Приближаюсь к его лицу, чувствуя, как его тело напрягается с каждым миллиметром, становясь каменным. Оставляю мягкий поцелуй на его щеке, а затем утыкаюсь носом в его шею, вдыхая аромат мужского тела и, ощущая, как он расслабляется, безмолвно благодаря меня, несильным сжатием талии.

Я люблю его. И мне плевать на то, что он никогда не сможет переступить черту. Это неважно. Любовь не имеет границ, и она терпелива. Да и неужели поцелуи такие необходимые для нас? Ни черта. Я готова умереть вот так, в его руках, и слышать, как успокаивается его сердце, перебирать его волосы, обещая, что сама никогда не позволю себе шаг туда, где томятся в ожидании сладкой и свежей крови демоны. Его крови.

– Прости, – тихий голос полный горечи раздаётся в моих волосах, а я только качаю головой, давая ему понять, что сейчас это лишнее.

– Мне хорошо с тобой… вот так хорошо. Не надо, Ник, – шепчу я, целуя его в шею и он, вздыхая, кладёт подбородок на мою макушку.

– Думал, что смогу. Ты так смотрела на меня. Не готов. Но я хочу сказать тебе спасибо за это возникнувшее желание. Даже пусть оно и…о, Мишель, – его новый тяжёлый вздох, и я жмурюсь от покалывания в глазах.

Как сильно можно чувствовать другого человека? Как глубоко можно застрять в нём? Как интуитивно можно разделить с ним все его переживания? Ведь это иной организм, полноценный. Только вот любовь творит чудеса физики, и часть твоей души навсегда останется в нём.

– Обещай, что никогда не подумаешь о суициде. Никогда, как бы тяжело ни было в жизни. Лучше приди ко мне, расскажи всё, но не позволяй себе эту слабость. Твою смерть… чёрт, крошка, не смей так больше пугать меня, – Ник отрывает меня от себя, заставляя посмотреть в его глаза, а я хмурюсь, совершенно не понимая, о чём он говорит.

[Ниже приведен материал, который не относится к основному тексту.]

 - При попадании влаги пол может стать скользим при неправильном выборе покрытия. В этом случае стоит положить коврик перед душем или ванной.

Воспоминания вчерашних событий, как яркие вспышки возникают в голове, обрывки его фраз, и я словно стою на его месте… в его теле. Зарина.

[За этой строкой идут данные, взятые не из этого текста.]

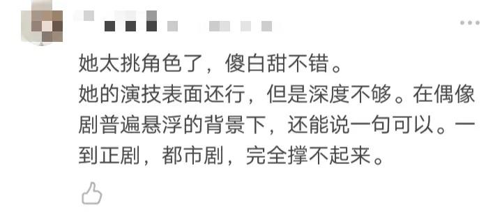 还有就是台词问题。不是我挑刺啊,她的台词是真的拉垮。在《胭脂》里面被陶昕然吊打;在《知否》里磕磕巴巴,甚至不如冯绍峰口条顺。
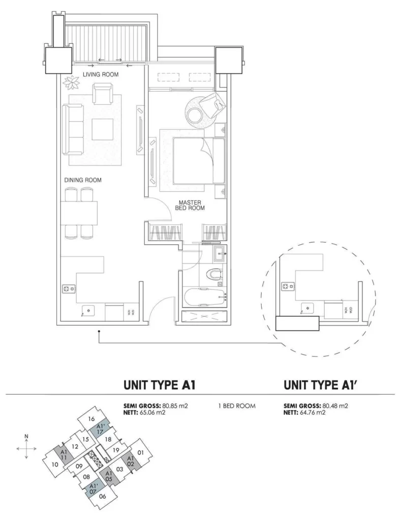 Unit Tipe A1 dengan net size 65.06 sqm yang terdiri dari 1 kamar tidur

– Ты знаешь… знаешь, что она…

– Обвинила меня в своей смерти, написав предсмертную записку, которую Райли, как верный друг, решил уничтожить? И то, что к её гибели не причастен верхний, а она покончила с собой из-за меня? Конечно, знаю. Я неглуп, не верю в сказки, и докапываюсь до правды, сколько бы это времени ни заняло, – он приподнимает уголок губ, но это выходит печально, даже обречённо. Я киваю, выпуская пряди его волос из рук и кладу ладонь на его грудь. Только его сердце может подсказать настоящее отношение ко всему. И сейчас оно бьётся быстрее обычного, как и моё.

– И ты решил, что я… – даже не могу окончить фразу, а отвожу взгляд от его лица, смотря на стену позади его, пока вся мозаика встаёт на свои места.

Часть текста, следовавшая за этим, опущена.